_Recorded information_.

----

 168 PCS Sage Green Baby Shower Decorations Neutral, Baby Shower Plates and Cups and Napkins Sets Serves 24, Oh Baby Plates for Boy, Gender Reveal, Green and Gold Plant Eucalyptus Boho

----

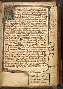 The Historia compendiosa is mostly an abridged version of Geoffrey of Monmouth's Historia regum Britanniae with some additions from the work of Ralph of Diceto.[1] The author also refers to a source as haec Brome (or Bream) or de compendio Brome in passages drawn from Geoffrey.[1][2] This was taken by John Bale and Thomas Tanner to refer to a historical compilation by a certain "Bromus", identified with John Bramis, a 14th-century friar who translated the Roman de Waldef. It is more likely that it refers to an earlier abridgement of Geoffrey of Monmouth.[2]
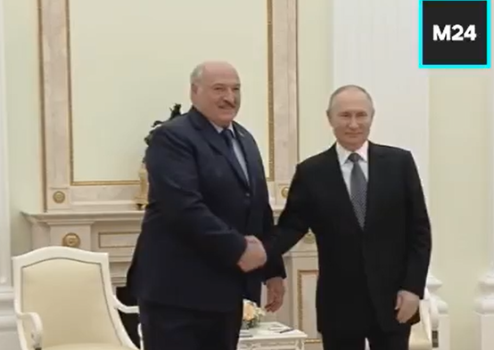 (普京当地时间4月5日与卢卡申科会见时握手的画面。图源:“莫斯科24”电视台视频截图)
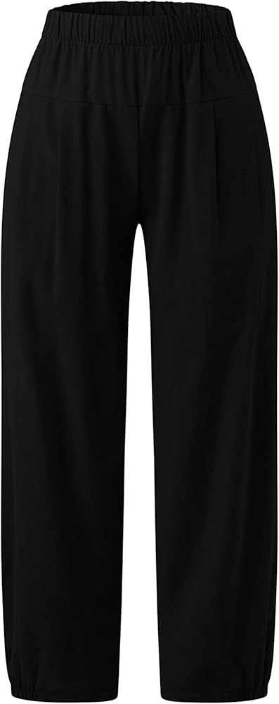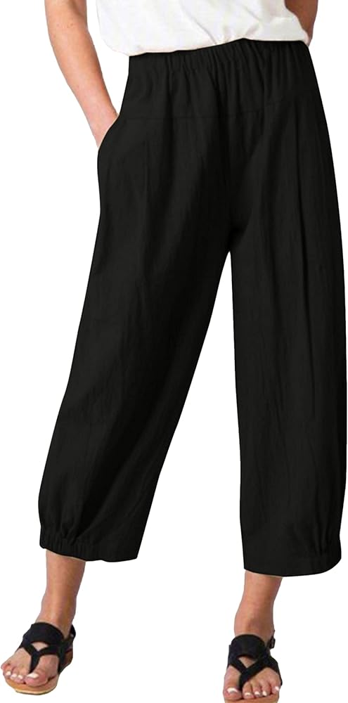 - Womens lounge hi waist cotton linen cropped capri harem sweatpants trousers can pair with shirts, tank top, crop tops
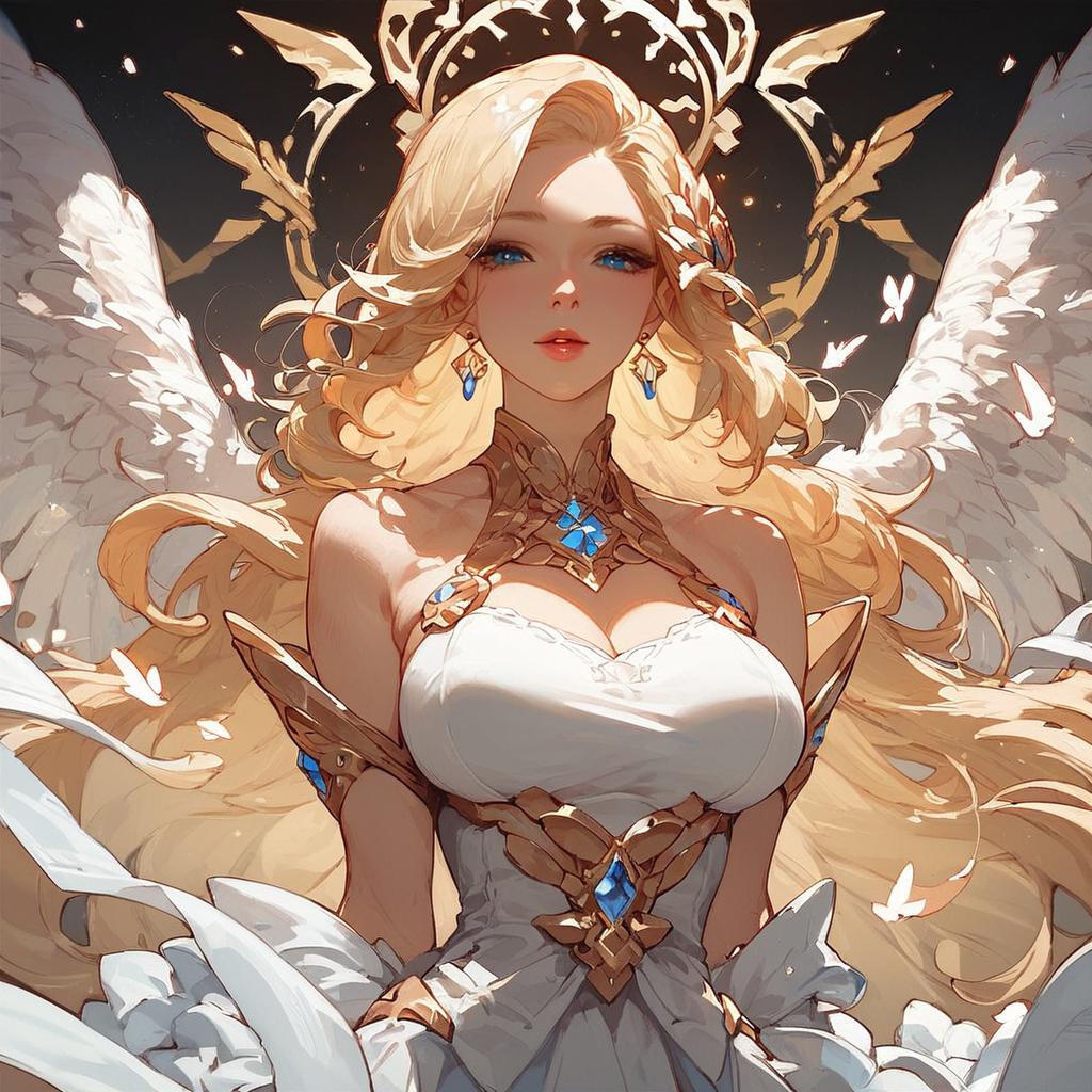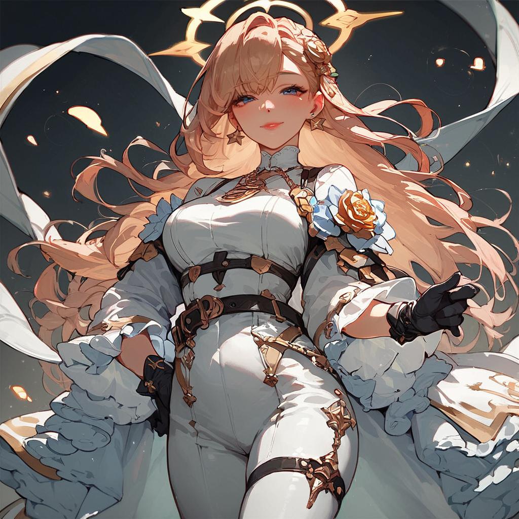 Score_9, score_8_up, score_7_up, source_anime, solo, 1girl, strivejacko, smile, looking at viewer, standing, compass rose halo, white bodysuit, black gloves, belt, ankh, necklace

----

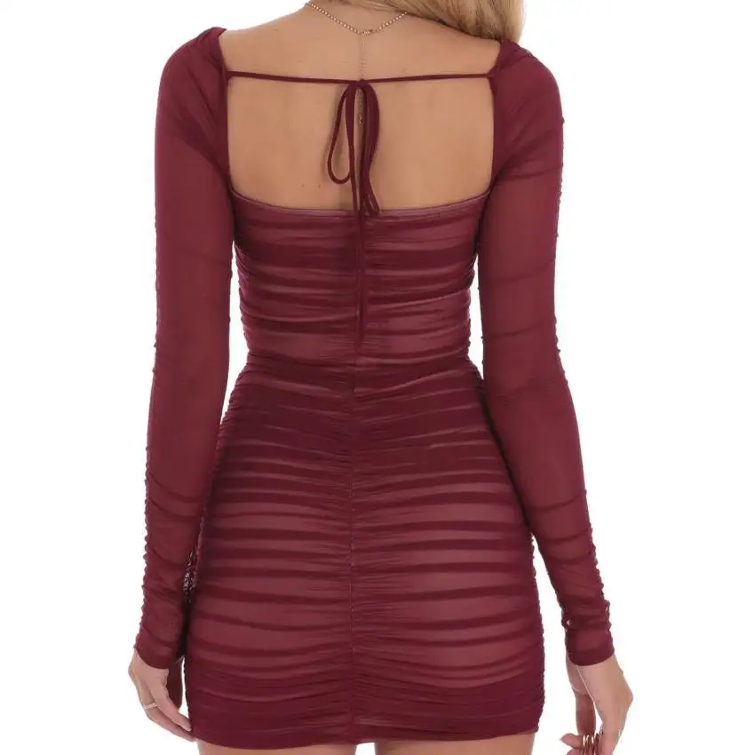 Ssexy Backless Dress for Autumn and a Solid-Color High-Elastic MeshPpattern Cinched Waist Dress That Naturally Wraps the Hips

----

_What needs to be done_.
From the records above, copy only the lines running from the line holding "(普京当地时间4月5日与卢卡" through the line holding "belt, ankh, necklace", with no pictures.

_Exercise solution_.
 (普京当地时间4月5日与卢卡申科会见时握手的画面。图源:“莫斯科24”电视台视频截图)
 - Womens lounge hi waist cotton linen cropped capri harem sweatpants trousers can pair with shirts, tank top, crop tops
 Score_9, score_8_up, score_7_up, source_anime, solo, 1girl, strivejacko, smile, looking at viewer, standing, compass rose halo, white bodysuit, black gloves, belt, ankh, necklace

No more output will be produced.